Sadi Carnot, een 28-jarige Franse ingenieur, bedacht in zijn boek Reflections on the Motive Power of Fire uit 1824 een formule om warmte – waarvan nu wordt aangenomen dat het een willekeurige, diffuse vorm van energie is – om te zetten in arbeid, een georganiseerde vorm van energie die een zuiger kan aandrijven of een wiel kan laten draaien. Carnot was verbaasd toen hij ontdekte dat het rendement van een perfecte motor alleen wordt bepaald door het temperatuurverschil tussen de warmtebron van de motor (meestal een vuur) en het koellichaam (meestal de buitenlucht). Carnot merkte op dat arbeid een gevolg is van de natuurlijke verplaatsing van warmte van een warmer lichaam naar een koeler lichaam.

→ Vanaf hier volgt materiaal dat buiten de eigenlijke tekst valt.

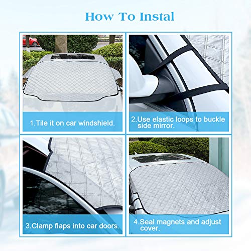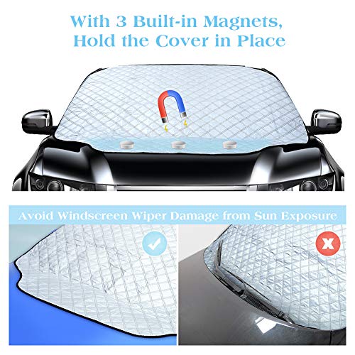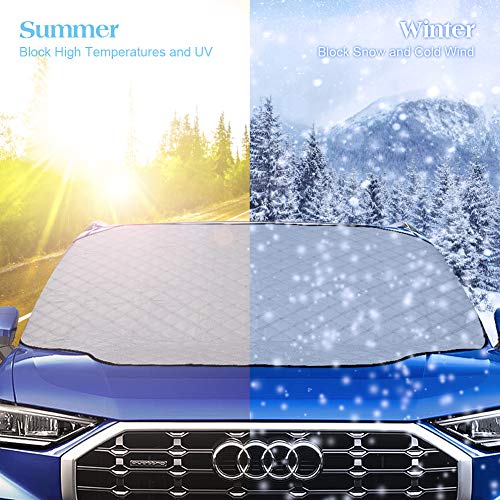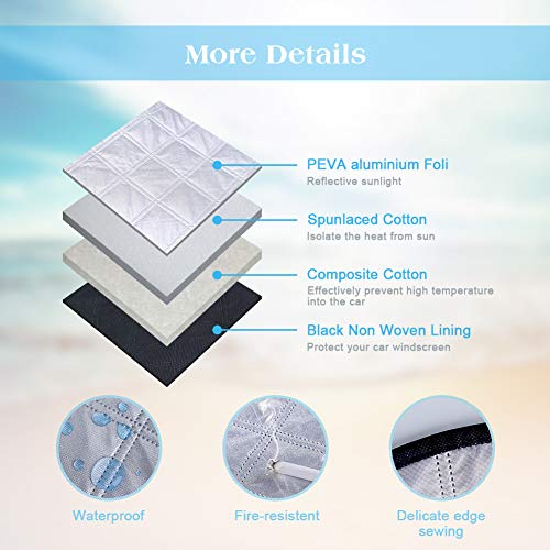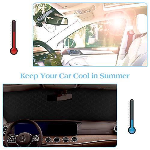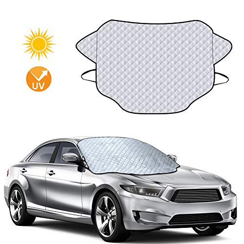 - USI DA QUATTRO STAGIONALE: E’ un parasole per parabrezza e adatto per tutte le stagioni, che lo protegge il tuo auto giorno e notte. Difende dal gelo e dai polveri in primavera, schermare la il cruscotto dai raggi UV in estate, facile da rimuovere le foglie cadute dalla cristallo anteriore della tua macchina, e anche puo' difendere la parabrezza dal neve e ghiaccio in freddo inverno

Carnot stierf acht jaar later aan cholera, voordat zijn efficiëntieformule uitgroeide tot de theorie van de thermodynamica: een reeks universele wetten die de wisselwerking dicteren tussen temperatuur, warmte, arbeid, energie en entropie – een maat voor de onophoudelijke verspreiding van energie van meer- naar minder-energetische lichamen – in de loop van de negentiende eeuw. De principes van de thermodynamica zijn op alles van toepassing, niet alleen op stoommachines: de zon, zwarte gaten, levende wezens, en de hele kosmos. Albert Einstein voorspelde dat de theorie “nooit omvergeworpen zal worden” omdat zij zo fundamenteel en universeel is.

De thermodynamica daarentegen heeft sinds haar ontstaan een eigenaardige plaats ingenomen in de natuurwetenschappen.

De natuurkundige Ldia del Rio en co-auteurs zeiden vorig jaar in Journal of Physics A: “Als natuurkundige theorieën personen waren, zou thermodynamica de dorpsheks zijn.” “De andere theorieën vinden haar vreemd, dat ze op een bepaalde manier anders is dan de anderen, maar iedereen zoekt haar leiding, en niemand durft haar uit te dagen.”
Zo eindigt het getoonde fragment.